The regret medicine for database misoperation is here: AnalyticDB PostgreSQL teaches you to implement distributed and consistent backup and recovery

Introduction to This article will introduce the principle and usage of AnalyticDB PostgreSQL version backup and recovery.

1. Background

AnalyticDB PostgreSQL version cloud native data warehouse product built by the Alibaba Cloud database team based on the PostgreSQL kernel (referred to as PG). In business scenarios such as real-time interactive data analysis, HTAP, ETL, and BI report generation, ADB PG has unique technical advantages.

As an enterprise-level data warehouse product, the importance of data security is self-evident. The backup and recovery function is the basic means to ensure data security, and it is also an important guarantee for ADB PG to restore the database in response to emergencies. Backup and recovery, as the name suggests, is to back up the database so that it can be restored when necessary to prevent it from happening. Currently, the backup and recovery function of ADB PG has been applied in the following user scenarios:

When data is destroyed or the instance is unavailable due to system failure or human error, the instance is restored based on the backup data.
Users need to quickly clone an identical instance based on an existing instance.
Under the premise that the number of nodes remains the same, the user needs to change the specifications of the source instance.

This article will introduce the principle and usage of ADB PG backup and recovery.

2. Introduction

ADB PG is a distributed database using MPP horizontal expansion architecture. The ADB PG instance is composed of one or more coordination nodes (Master) and multiple computing nodes (Compute Node). The coordination node is responsible for receiving user requests, formulating a distributed execution plan and sending it to the computing node, collecting the execution results and returning to the customer End; the computing node is responsible for parallel computing analysis and data storage. Data can be distributed randomly, hashed, and replicated among computing nodes. The following figure shows the architecture diagram of ADB PG:

The physical backup and recovery function of ADB PG, based on cluster-based basic backup and log backup, can back up the data of each node while the distributed database continues to provide services, and ensure data consistency. When needed, the distributed database can be restored to the moment of backup.

Basic backup refers to a complete copy of all data in the database. The basic backup will compress the full data snapshot of the cluster and store it in other offline storage media. The cluster will not block the user's read and write during the basic backup. Therefore, the logs generated during the backup will also be backed up to ensure the integrity of the basic backup.

Log backup (also called incremental backup) refers to backing up log files generated by the cluster to other offline storage media. The log file records the user's DML and DDL operations on the database.
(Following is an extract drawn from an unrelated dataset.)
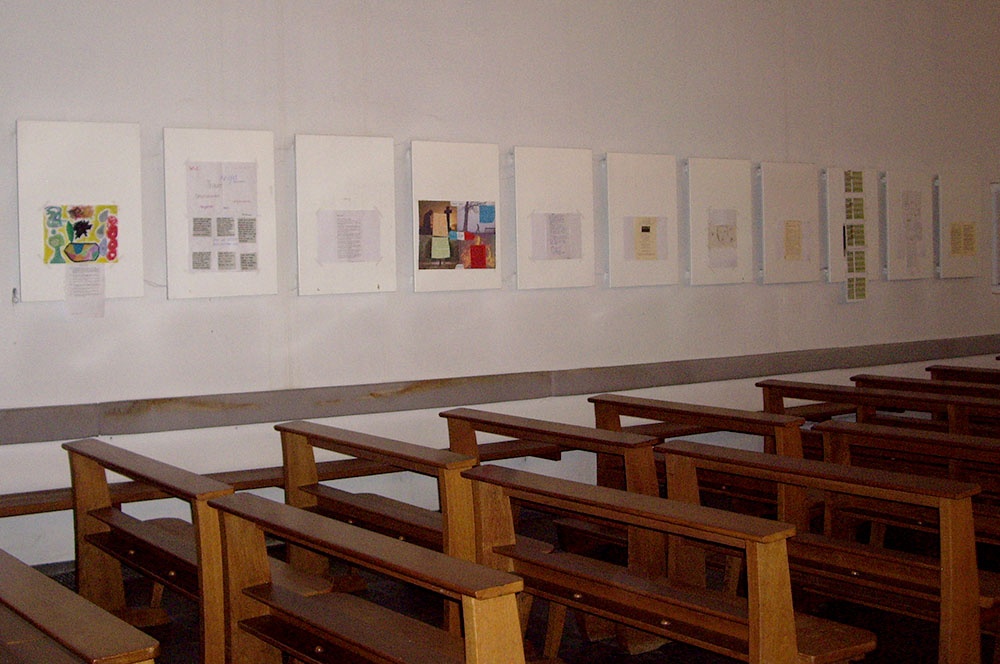 Mit einer kleinen Ausstellung unserer Werke in der Kirche wollen wir unsere Gedanken mit jedem, der sich die Zeit nehmen möchte, teilen. Dazu haben wir gemeinsam mit Frau Fromme und Herrn Rensinghoff beschlossen, mit den Ergebnissen die Darstellungen des Kreuzweges in unserer Kirche zu überkleben. Wir haben die Kirche jedoch nicht ihres Passionsweges beraubt: Nach wie vor kann man dort eine Abfolge von Bildern betrachten, die von Angst, Schrecken und Schmerz erzählt. Aber wo normalerweise der Leidensweg Jesu Christi zu sehen war, sieht man nun einen Leidensweg 2015.

Through a complete basic backup and continuous log backup, the new cluster can be restored to a certain historical event point, ensuring data security during this period of time.

ADB PG can guarantee backup and recovery with a minimum RPO of 10 minutes.

Three, principle

Before fully introducing the backup and recovery principle of ADB PG, first briefly introduce the PITR (Point in Time Recovery) backup and recovery mechanism of stand-alone PG. The backup and recovery mechanism of ADB PG is based on the PITR principle of stand-alone PG, and a distributed data consistency guarantee mechanism is added.

(1) PITR mechanism of stand-alone PG

WAL log:

The PostgreSQL database records all changes (including operations such as DDL and DML) to the data in the WAL (Write Ahead Log) log file. The WAL log file can be regarded as an infinitely growing append-only file. PG will divide the log data into multiple files for storage according to a fixed size. Each transaction modification data operation will be appended to the WAL file, and assigned a unique LSN sequence number (Log Sequence Number), when the transaction is committed, it will ensure that the WAL log has been persisted.

The purpose of these log files is to allow the database to "replay" the WAL log to recover the data that has not been persisted when the database crashes, but the corresponding transaction has been committed when the database needs to be restored.

Recovery point:

With the WAL log can be "replayed" operation, then there is another question: when do you need to replay? This requires a restore point (restore point) to solve.

The recovery point is equivalent to a mark written in the WAL log, which marks the location of a log. When the PG replays the log, it determines whether the "replay" operation needs to be stopped by checking whether it has reached this mark point.

The following SQL can create a marker point named t1 in the WAL log file:

postgres=# select pg_create_restore_point('t1');
LOG:  restore point "t1" created at 0/2205780
STATEMENT:  select pg_create_restore_point('t1');
 pg_create_restore_point
-------------------------
 0/2205780
(1 row)

When the database sequentially replays the WAL log, it will check that the current log contains this recovery point name, and if it does, stop the replay. In addition, PG also supports recovery to a specified point in time, transaction number, LSN sequence number and other operations.

Basic backup and incremental backup:

The basic backup is a complete copy of the database data. You can use the pg\_basebackup tool to perform a basic backup of a stand-alone PG. The backup data can be saved locally or in other offline storage media (OSS).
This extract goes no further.